MAC: An Efficient Gradient Preconditioning using Mean Activation Approximated Curvature
Hyunseok Seung, Jaewoo Lee, Hyunsuk Ko
TL;DR
MAC addresses the impracticality of second-order optimizers by exploiting the spectral structure of Kronecker-factored FIMs and introducing a rank-1 activation KF. By approximating the activation factor with the mean activation outer product and treating the pre-activation gradient factor as identity, MAC enables a closed-form, Sherman–Morrison-invertible preconditioner suitable for both CNNs and transformers, including attention mechanisms.
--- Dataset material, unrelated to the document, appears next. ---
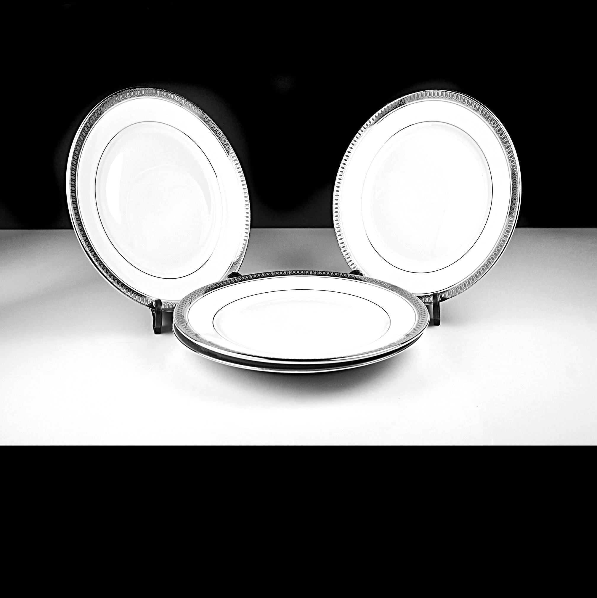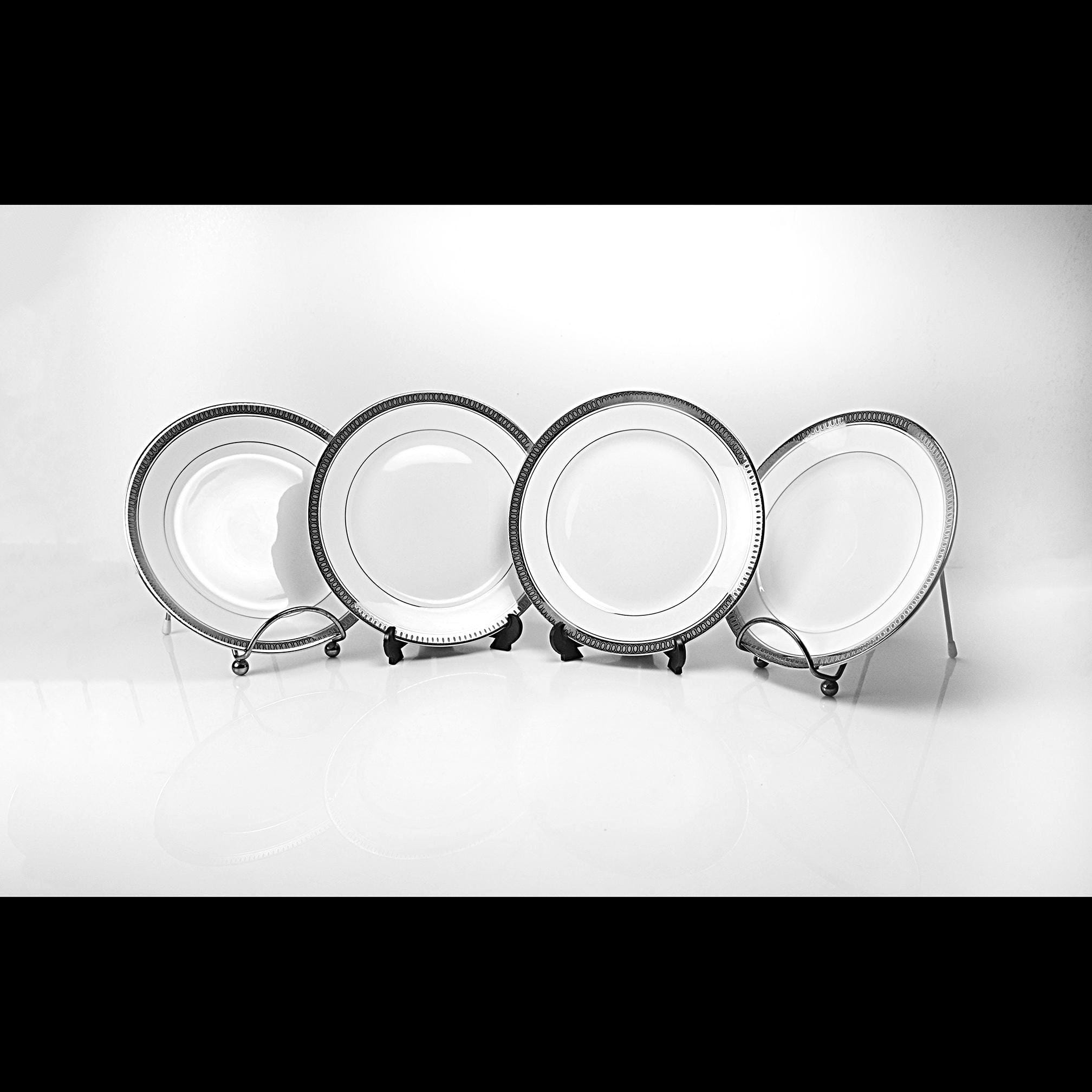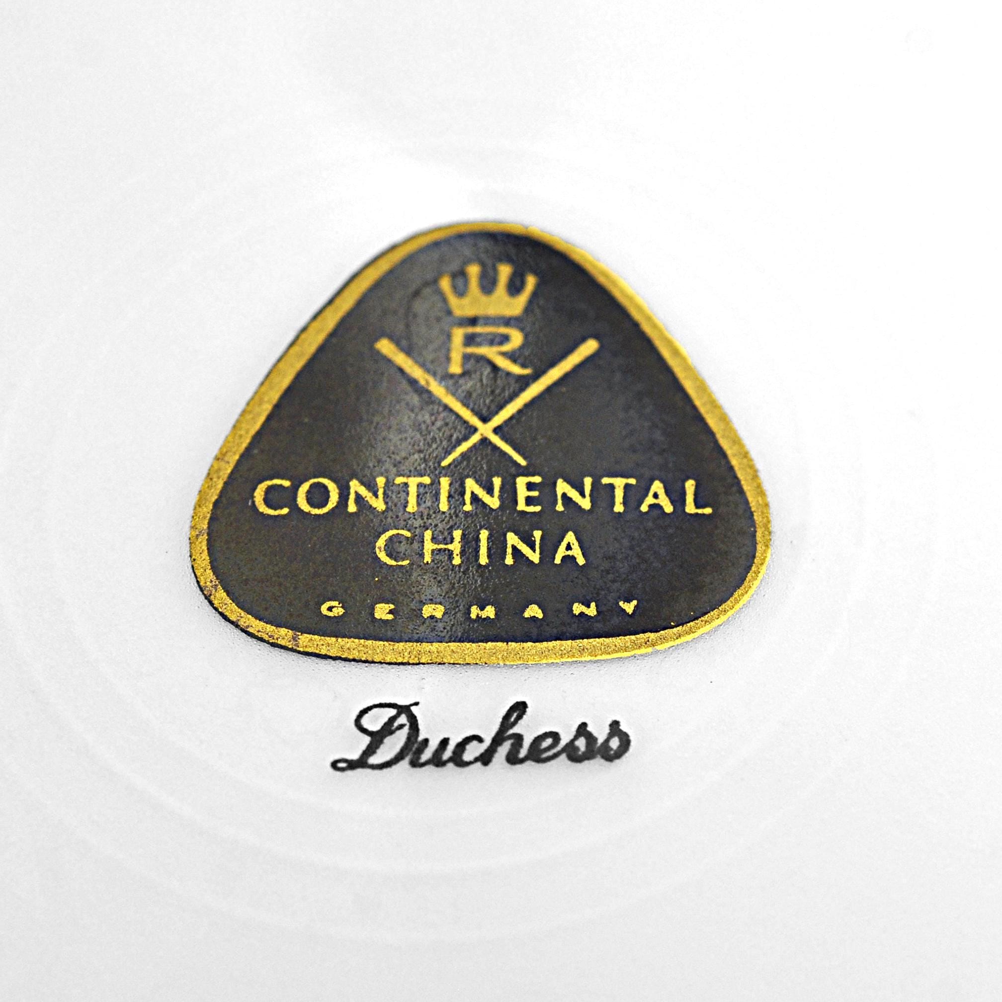 This is a beautiful set of four Continental China bread and butter plates in the discontinued Duchess pattern. Each plate features a clean white body with a simple platinum rim. These plates are in excellent condition with no chips, cracks, or crazing. The platinum trim shows little to no wear — a rare find for this pattern. The Duchess line was part of Rosenthal’s “Continental” brand, made primarily for the U.S. market during the mid-20th century. Known for its timeless elegance, this pattern was popular from the late 1950s through the 1970s and has been long discontinued. Whether you’re replacing missing pieces, expanding your set, or simply love mid-century tableware, these plates are a perfect addition.

The authors prove convergence under overparameterization and demonstrate through extensive experiments that MAC achieves faster training and comparable or better accuracy than KFAC variants across CIFAR and ImageNet, while drastically reducing memory overhead. The work also integrates attention scores into the transformer preconditioner, yielding tangible accuracy gains on Vision Transformers and preserving stability in large-scale training.
Abstract
Second-order optimization methods for training neural networks, such as KFAC, exhibit superior convergence by utilizing curvature information of loss landscape. However, it comes at the expense of high computational burden. In this work, we analyze the two components that constitute the layer-wise Fisher information matrix (FIM) used in KFAC: the Kronecker factors related to activations and pre-activation gradients. Based on empirical observations on their eigenspectra, we propose efficient approximations for them, resulting in a computationally efficient optimization method called MAC. To the best of our knowledge, MAC is the first algorithm to apply the Kronecker factorization to the FIM of attention layers used in transformers and explicitly integrate attention scores into the preconditioning. We also study the convergence property of MAC on nonlinear neural networks and provide two conditions under which it converges to global minima. Our extensive evaluations on various network architectures and datasets show that the proposed method outperforms KFAC and other state-of-the-art methods in terms of accuracy, end-to-end training time, and memory usage.